Should we expect to see a generally expensive gross margin trend through the remainder of the year?.
I think you should continue to think of the gross margins as we’ve talked about in the 55% to 57% on an overall basis. The service margins for the quarter were slightly lower given some of the investments that we made in the European community as well as some higher warranty costs on our first year new products.
But I think you’ll continue to see that in that range, Patrick..
Great. Thank you. Good luck..
Thanks, Patrick..
We’ll take the next question from Mark Jordan with Noble Financial. Please go ahead..

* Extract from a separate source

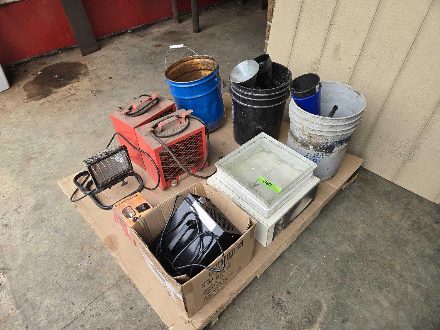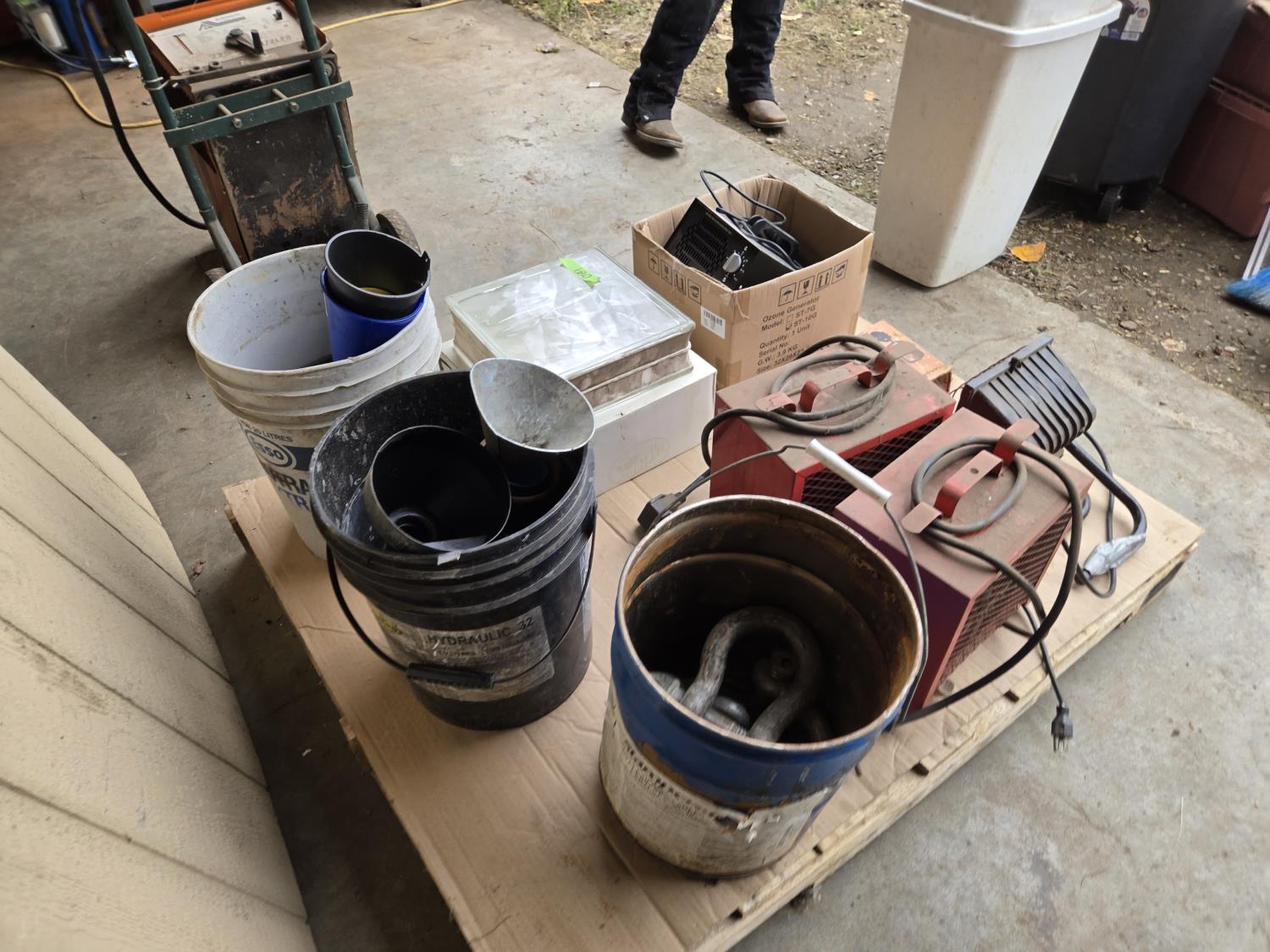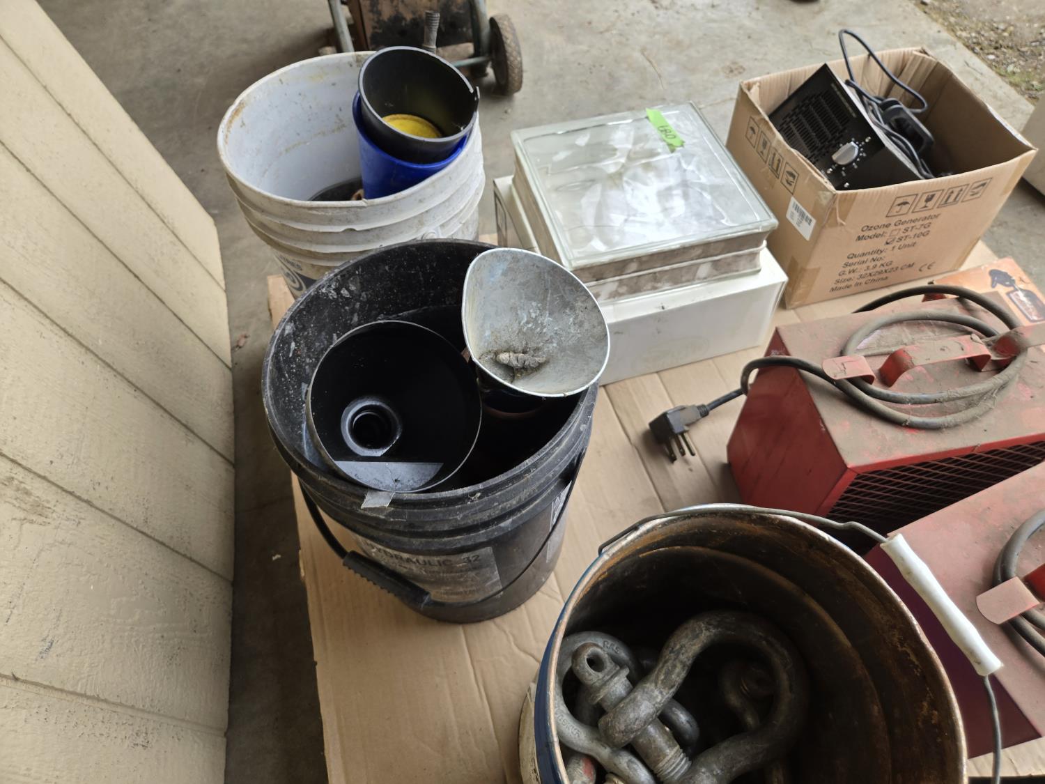 (2) 220 Volt heaters, ozone generator, lights, funnels, glass block

Good morning, gentlemen. A question on the account manager numbers. You’ve only grown on a net basis one rep in the first six months of the year. I’m curious as to what your overall plans are with regards to sales rep growth for the year? And by the way congratulations on the significant improvement productivity results..

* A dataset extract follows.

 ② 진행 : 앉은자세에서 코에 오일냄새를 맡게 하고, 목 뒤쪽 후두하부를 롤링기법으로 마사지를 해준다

Thanks, Mark. Yes, so I think what you would expect to see is we always target sort of the mid-teens growth rate on the account manager basis for the year. We’d have to get pretty aggressive in the second half to have mid-teens for the full year.
But I think when you look at how we’re adding account managers right now, the people that are coming on board we clearly anticipate adding value in the tail end of second quarter and predominately third and fourth quarters of next year. So you will see account manager increases for sure. It’s mostly in preparation for 2015 volume at this point..
Okay. On the R&D front, there was a significant sequential increase.
What percent of your R&D dollars is contracted out? And where do you see the absolute dollar spend going in the third and fourth quarters relative to the second?.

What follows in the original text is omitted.